━━━━━ DATA SHOWN ━━━━━
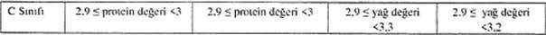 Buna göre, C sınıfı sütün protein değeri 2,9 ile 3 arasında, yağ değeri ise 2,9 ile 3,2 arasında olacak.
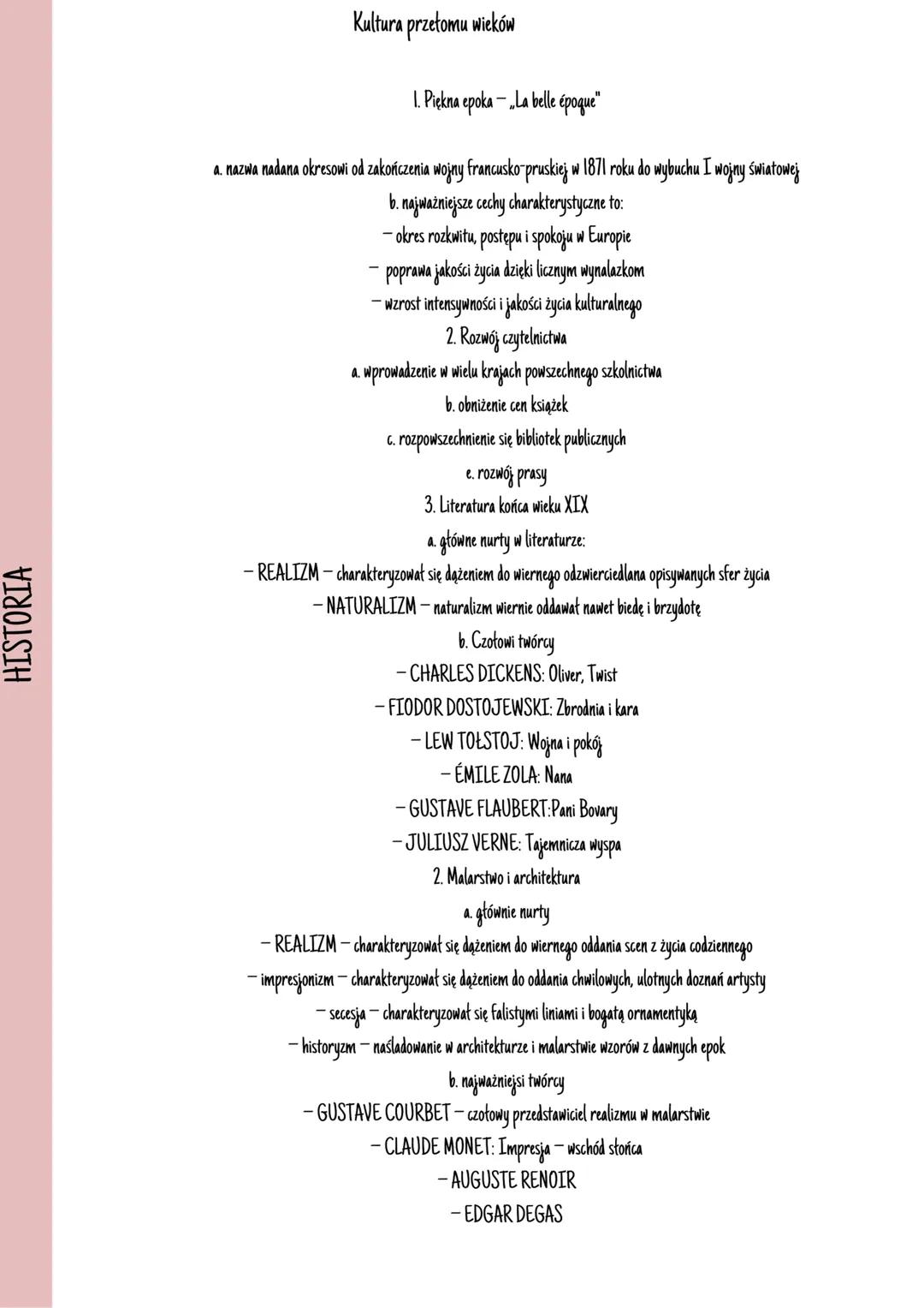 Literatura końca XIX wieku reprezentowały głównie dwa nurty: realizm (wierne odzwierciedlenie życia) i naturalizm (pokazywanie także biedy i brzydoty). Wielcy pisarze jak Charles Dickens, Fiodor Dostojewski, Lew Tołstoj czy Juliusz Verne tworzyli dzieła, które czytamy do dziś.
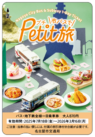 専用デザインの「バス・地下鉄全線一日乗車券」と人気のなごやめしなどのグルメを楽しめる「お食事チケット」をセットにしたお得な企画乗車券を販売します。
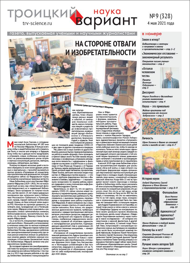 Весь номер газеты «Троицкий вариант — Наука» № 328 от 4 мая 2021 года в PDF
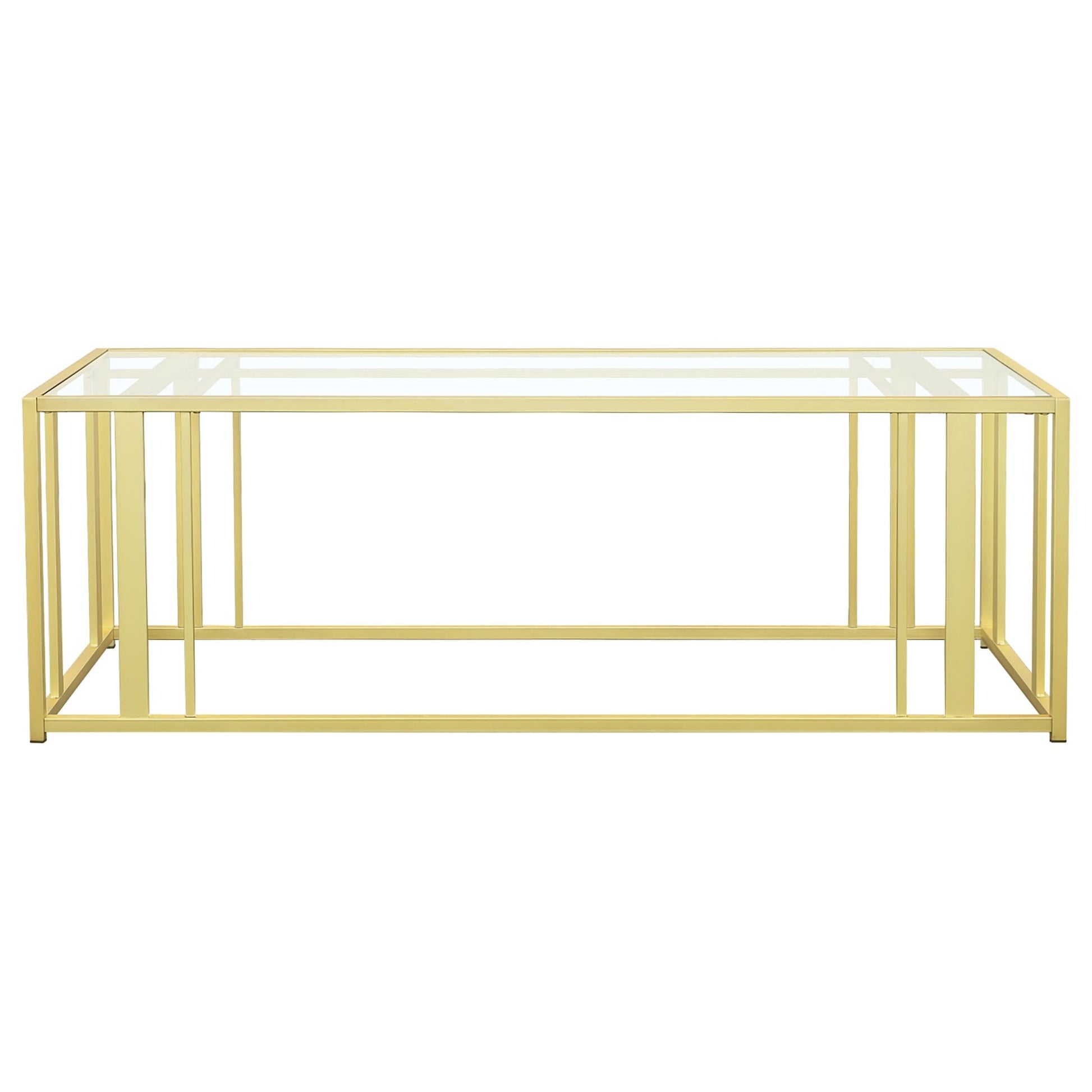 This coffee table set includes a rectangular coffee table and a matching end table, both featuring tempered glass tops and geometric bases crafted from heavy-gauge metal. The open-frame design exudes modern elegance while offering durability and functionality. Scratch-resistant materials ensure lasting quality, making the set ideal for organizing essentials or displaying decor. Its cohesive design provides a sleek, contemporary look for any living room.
━━━━━
◆ WHAT IS EXPECTED:
Give again, exactly as written, the lines from the one with "Literatura końca XIX" through the last line of the entries above, but skip the pictures.

◆ OUTPUT OF THE EXERCISE:
 Literatura końca XIX wieku reprezentowały głównie dwa nurty: realizm (wierne odzwierciedlenie życia) i naturalizm (pokazywanie także biedy i brzydoty). Wielcy pisarze jak Charles Dickens, Fiodor Dostojewski, Lew Tołstoj czy Juliusz Verne tworzyli dzieła, które czytamy do dziś.
 専用デザインの「バス・地下鉄全線一日乗車券」と人気のなごやめしなどのグルメを楽しめる「お食事チケット」をセットにしたお得な企画乗車券を販売します。
 Весь номер газеты «Троицкий вариант — Наука» № 328 от 4 мая 2021 года в PDF
 This coffee table set includes a rectangular coffee table and a matching end table, both featuring tempered glass tops and geometric bases crafted from heavy-gauge metal. The open-frame design exudes modern elegance while offering durability and functionality. Scratch-resistant materials ensure lasting quality, making the set ideal for organizing essentials or displaying decor. Its cohesive design provides a sleek, contemporary look for any living room.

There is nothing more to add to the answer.